Nov 19th
Mona Charen is holding forth today unhappy with college
administrations succumbing in the face of alleged absurd student demands. Before
I get to Mona I will write a few words about Speaker Scott Walker’s efforts to
derail any influx of Syrian refugees. Speaker Walker is offering a bill that
would put a hold on the admission of any Syrian refugee until the government
can absolutely, positively, guarantee that they pose no danger whatever to the
country. Senator Bob Casey tells us that
the various agencies now involved in vetting these refugees, the FBI, the CIA,
the NSA, etc., etc. will now take about two years before clearing any of them
for entry into the country. This is not good enough for the Speaker.
I am curious about what vetting the Speaker thinks
appropriate for the current crop of Presidential candidates. How about the
checks on members of Congress and SCOTUS? Surely individuals holding these hyper-sensitive
government positions should require equally careful scrutiny lest some
miscreant bearing ill will toward our country be elected to high office. It is
strange that the Speaker is totally unconcerned about such a possibility.
(Personally, I would settle for a simple sanity test.)

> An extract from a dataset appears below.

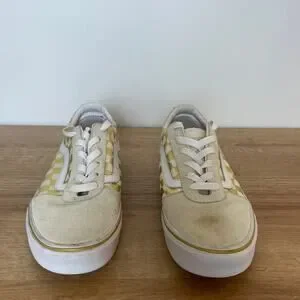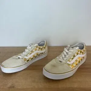 Vans Womens Gold Cream Checkerboard Skate Sneakers Size 9 Suede Canvas Skater
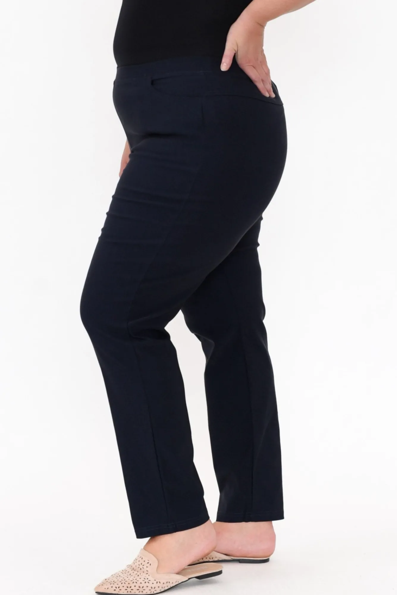 Fit: Runs Slightly Large, If In Between Sizes We Recommend Sizing Down. Refer To Size & Fit Tab Below For Specific Size Recommendation NNfabric: Cotton/PolyesterNcomfortable Ultra-Stretchy Cotton Blend Fabric With A Smooth Hand Feel And Slight Sheen For A Refined Look NNelasticated Waist For Support And Comfort NNsame Flattering Shape As The Jensen Stretch Pant But In A Full-Length Style Nstraight Silhouette With Tapering Near The Hem NNtwo Front Pockets Located Near The Waist Seam Nreaches Ankle Length NNcare: Cool Gentle Hand Wash RecommendedNNcolour: True Navy ShadeNNstyle Tip: Hem Can Be Neatly Cuffed To A Desired Length, Creating A More Cropped LookNN Note:Please See Photos Rather Than Video For Most Accurate Colour.

And now to Mona Charen: Mona is very unhappy with college
and university administrators for caving in to various student demands. It
seems that according to Charen students have become hyper-sensitive to any
perceived slight and are refusing to allow freedom of speech and association at
their own protest meetings. She has a point: a faculty member participating in
a protest at the University of Missouri is shown trying to block a journalist
from photographing that student demonstration. The woman’s enthusiasm overcame
her good sense which she recovered the next day when she resigned from the
university.
Charen naively wanted the University of Missouri President
to simply remove the scholarships from members of the football team if they
refused to play on the upcoming Saturday. If they had not played the university
would have been sued for one million dollars for breach of contract but that is
of no consequence for Mona Charen. It costs her nothing to stick to her
politically correct principles. The football team brings in altogether about 80
million dollars a year and so any administrator had better handle those boys
with care.
There are other campus problems which Charen chooses to
ignore, rape prominent among them. Many campuses prefer not to advertise this
problem, bad for their image, but this problem unlike the simplistic student
bellyaching about newly perceived racial slights gets little attention.
There have been much greater campus upsets in the past. The
Students for a Democratic Society were far more disruptive that anything seen
today, but Ms. Charen was only about ten years old when this movement was at
its peak in the mid-1960s. If she is upset about the current campus problems
she would have been apoplectic had she been a columnist in the 1960s.